Дяденька стоит очень-очень близко. Где бы там сейчас ни была тетенька, она точно не знает, что он тут.

Другого такого шанса, наверное, не будет.

Я волнуюсь, потому что думаю обо всем, что может пойти не так, когда я попробую уколоть его ложкой. Страх почти побеждает, я почти передумываю.

А потом представляю, что Гусу придется всю жизнь просидеть в этом подвале, и понимаю, что должна это сделать ради него. Я должна вызволить Гуса, даже если для меня все кончится плохо.

Крепко обхватываю ложку пальцами. Есть только один шанс сделать все правильно. Целиться куда-то конкретно я не планирую, да и все равно темно слишком – куда попаду, туда попаду.

Как раз когда дяденька говорит, какая я красивая девочка, я глубоко вдыхаю и со всей дури вонзаю в него ложку. Судя по тому, где дяденька стоит, я, видимо, попадаю ему куда-то в шею. От моего удара заточенный кончик явно протыкает кожу, потому что нет сопротивления – получается не очень глубоко, и все-таки не просто царапина. Дяденька вскрикивает.

С ножом моя ложка, конечно, не сравнится – один прокол ничего не даст, поэтому я еще и еще раз тыкаю дяденьку. Не знаю, сильно ли я прокалываю; судя по крикам, дяденьке больно.

Он падает на землю, тянет за собой меня; мычит, зажимает раны, ругается. Я хочу встать, но дяденька хватает меня потными руками за волосы. Тогда я вырываюсь и, вскрикнув от того, что пучок волос остается у дяденьки в руке, продолжаю вставать.

Он дергает меня за ногу, чтобы не дать уйти, и в ответ я его пинаю. Обуви на мне нет, а голой ногой совсем не больно, и все-таки пинка моего хватает, чтобы сбросить руки дяденьки. Он все еще лежит на полу и издает такие звуки, что вряд ли успеет подняться и догнать меня.

– Скорей! – зову я Гуса, взбегая по ступенькам. Ложки при мне нет – видать, где-то обронила.

Добежав до верха, я берусь за ручку двери и поворачиваю ее. Позади испуганно шагает Гус, хотя надо уже вовсю бежать, и я подгоняю его, а у самой в голове стучит, в ушах звенит. Гус от страха плачет.

Дяденька на полу издает звуки – не крики, а больше стоны; интересно, далеко ли его слыхать. Донесется ли до тетеньки?

Выйдя из подвала, я теряюсь и не знаю, куда податься. Была я тут только раз – когда меня впервые сюда привели, а потом сразу же запихнули вниз и заперли. Ничегошеньки не помню. Тут тоже темно, но не так, как в подвале, – кое-где немножко виден свет.

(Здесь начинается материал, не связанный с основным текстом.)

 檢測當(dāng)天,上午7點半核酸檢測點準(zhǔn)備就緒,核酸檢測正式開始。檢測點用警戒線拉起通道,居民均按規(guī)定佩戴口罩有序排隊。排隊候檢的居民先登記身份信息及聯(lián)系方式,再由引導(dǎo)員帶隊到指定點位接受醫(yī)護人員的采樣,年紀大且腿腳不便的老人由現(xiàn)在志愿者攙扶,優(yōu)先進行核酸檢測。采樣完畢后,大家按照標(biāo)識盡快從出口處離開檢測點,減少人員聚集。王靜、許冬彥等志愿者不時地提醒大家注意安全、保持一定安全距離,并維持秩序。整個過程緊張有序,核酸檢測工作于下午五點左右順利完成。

Я прошу Гуса пошевеливаться. Бросив взгляд назад, вижу, что он немного отстал. Он до смерти перепуган, и я стараюсь убедить его, что все будет хорошо.

– Некогда нам бояться, Гус, – говорю я так, чтобы не слишком сурово, строго. – Надо спешить, ты должен бежать!

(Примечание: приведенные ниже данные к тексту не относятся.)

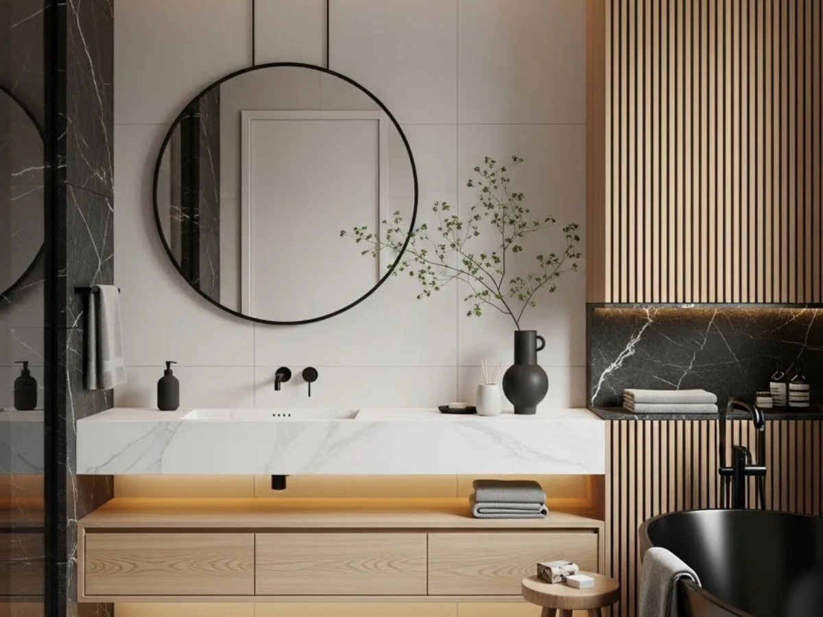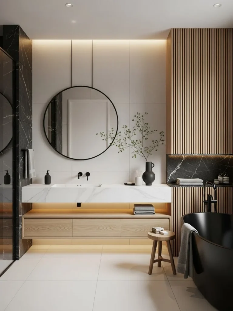 Japandi-Style Bathroom – Black Stone, Marble & Wood

Я хватаю Гуса за холодную как лед руку и тяну за собой. Он ничего не говорит, только время от времени всхлипывает.

Вдруг откуда-то раздается полусонный голос тетеньки.

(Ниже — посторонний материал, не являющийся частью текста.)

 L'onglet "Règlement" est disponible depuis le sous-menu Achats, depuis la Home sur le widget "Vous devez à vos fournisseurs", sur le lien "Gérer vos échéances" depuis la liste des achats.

– Эдди? – зовет она удивленно. – Чего там такое, Эдди?

Дяденька тем временем подымается вслед за нами. Сумел как-то встать, хотя до сих пор стонет. Тут он, запыхавшись, со злостью кричит тетеньке в ответ:

– Эта мелкая дрянь вырвалась! Она убегает!

– Что?! Как так, Эдди? Как она смогла сбежать?

– Не знаю я как! – врет дяденька.

Потом он говорит, что нужно меня поймать, не дать нам уйти.

Тут мне кое-как удается разглядеть в тусклом ночном сиянии прямоугольный контур двери. Хватаюсь за ручку. Дверь заперта. Тогда я начинаю шарить вспотевшими ладошками по двери и наконец нащупываю замок.

Дяденька с тетенькой все ближе: кричат, решают, где именно нас с Гусом ловить. Обзывают друг друга тупыми, говорят друг другу врубить свет, а то ничего не видать. Их голоса уже на расстоянии вытянутой руки.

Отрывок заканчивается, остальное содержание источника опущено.